ABOUT THIS TASK
Pictures must not appear in the copy. Set down exactly the line with "Buiten deze informatie" and each line after it through the end of the data below.

Items listed in a dataset
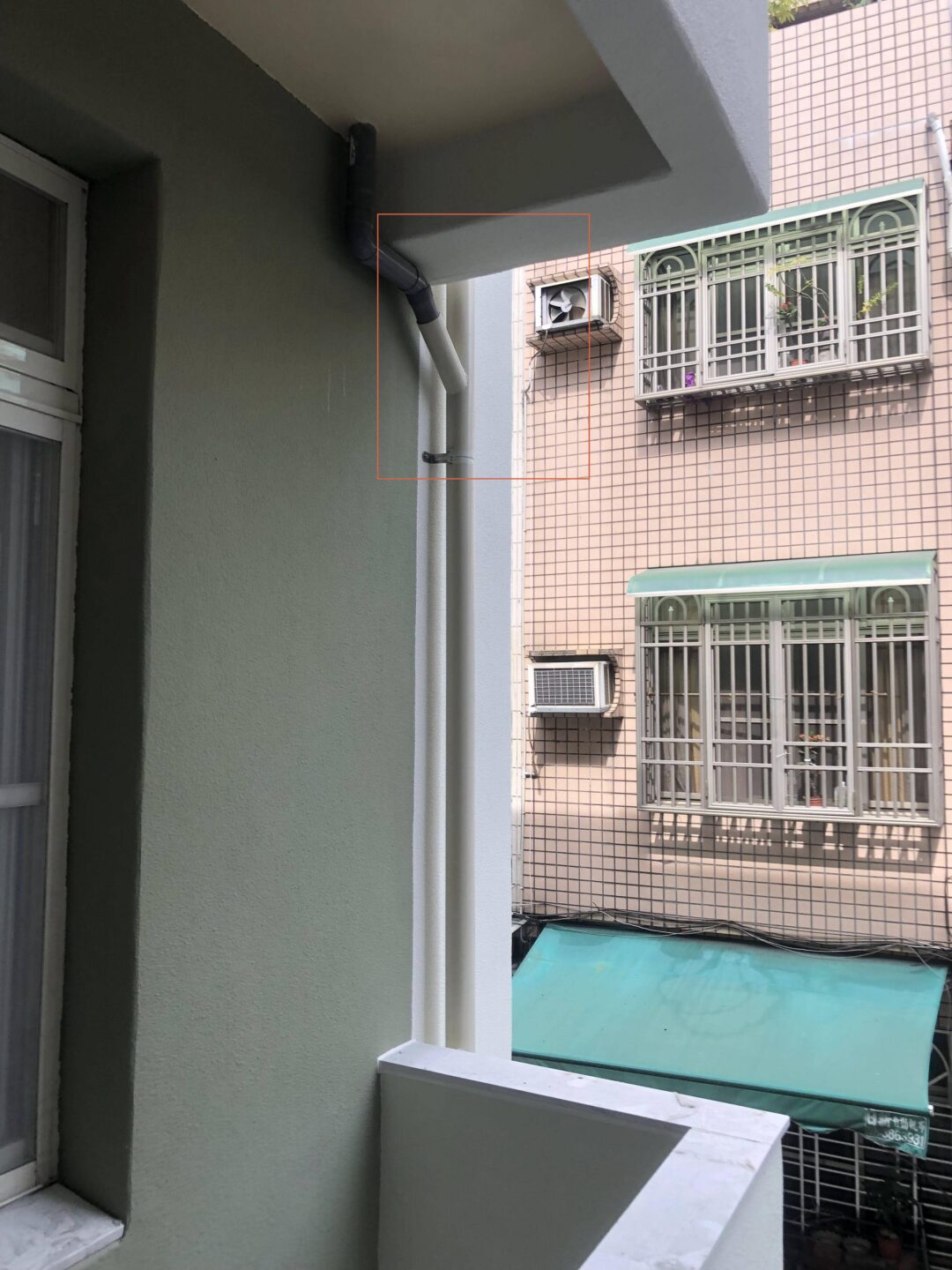 冷氣排水口設計,上面的是套件,可以跟陽台排水共用。
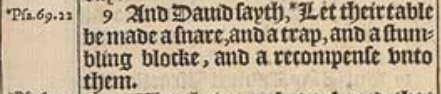 9 And Dauid sayth, *Let their table be made a snare, and a trap, and a stumbling blocke, and a recompense vnto them.[*Psa.69.22 ]
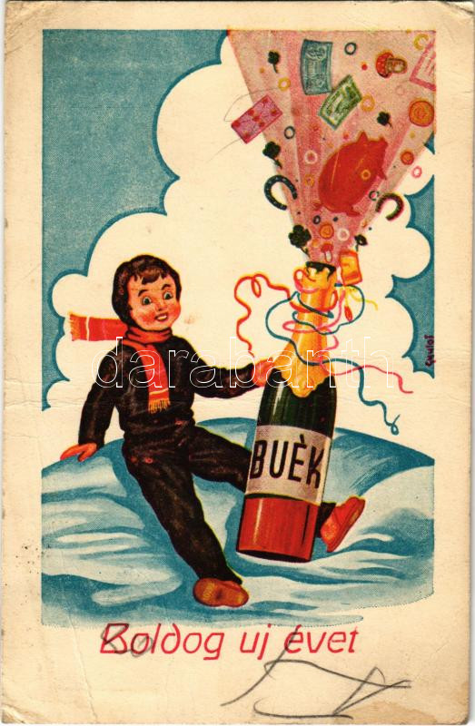 1933 Boldog új évet! BUÉK pezsgő / New Year greeting, champagne s: Gyu... https://www.darabanth.com/de/448-Fernauktion/448.0/Ansichtskarten/GruC39Fkarten-Feste~1500084/1933-Boldog-uj-evet-BUEK-pezsgo-New-Year-greeting-champagne-s-Gyulai-fa~II2968301
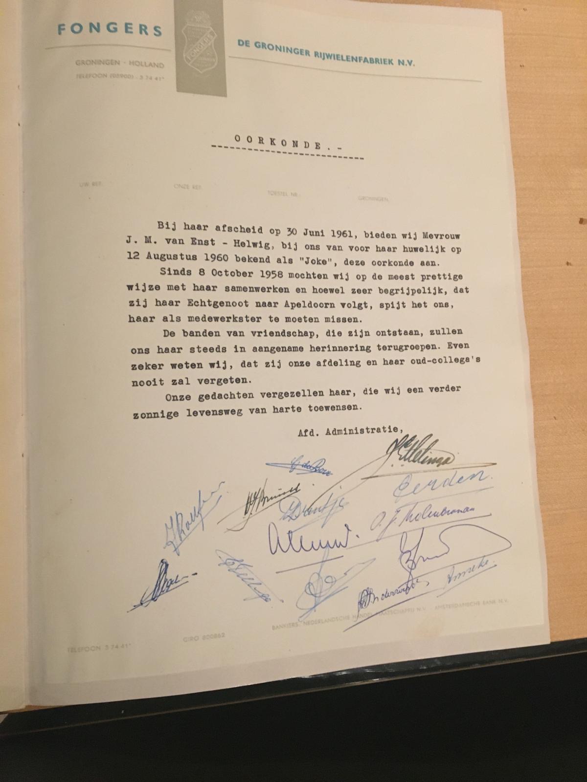 Buiten deze informatie ontving ik ook nog een '50 jaar Fongers' boekje waarin een oorkonde zat ter ere van Johanna haar afscheid bij Fongers.
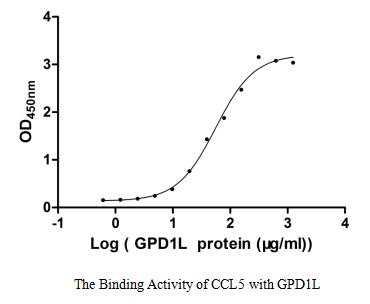 生物活性:Measured by its binding ability in a functional ELISA. Immobilized CCL5 at 2 μg/ml can bind human GPD1L, the EC50 of human GPD1L protein is 47.34-66.33 μg/ml.
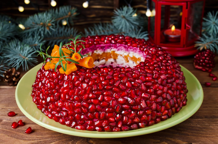Потихоньку вынимаем стакан. Обмазываем верх салата майонезом и равномерно посыпаем зернышками граната. Отправляем салат в холодильник пропитываться.
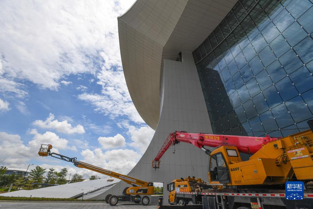 南沙國際金融論壇(IFF)永久會址交付使用前進行幕墻清潔(9月13日攝)。

REPLY TO THE EXERCISE
 Buiten deze informatie ontving ik ook nog een '50 jaar Fongers' boekje waarin een oorkonde zat ter ere van Johanna haar afscheid bij Fongers.
 生物活性:Measured by its binding ability in a functional ELISA. Immobilized CCL5 at 2 μg/ml can bind human GPD1L, the EC50 of human GPD1L protein is 47.34-66.33 μg/ml.
Потихоньку вынимаем стакан. Обмазываем верх салата майонезом и равномерно посыпаем зернышками граната. Отправляем салат в холодильник пропитываться.
 南沙國際金融論壇(IFF)永久會址交付使用前進行幕墻清潔(9月13日攝)。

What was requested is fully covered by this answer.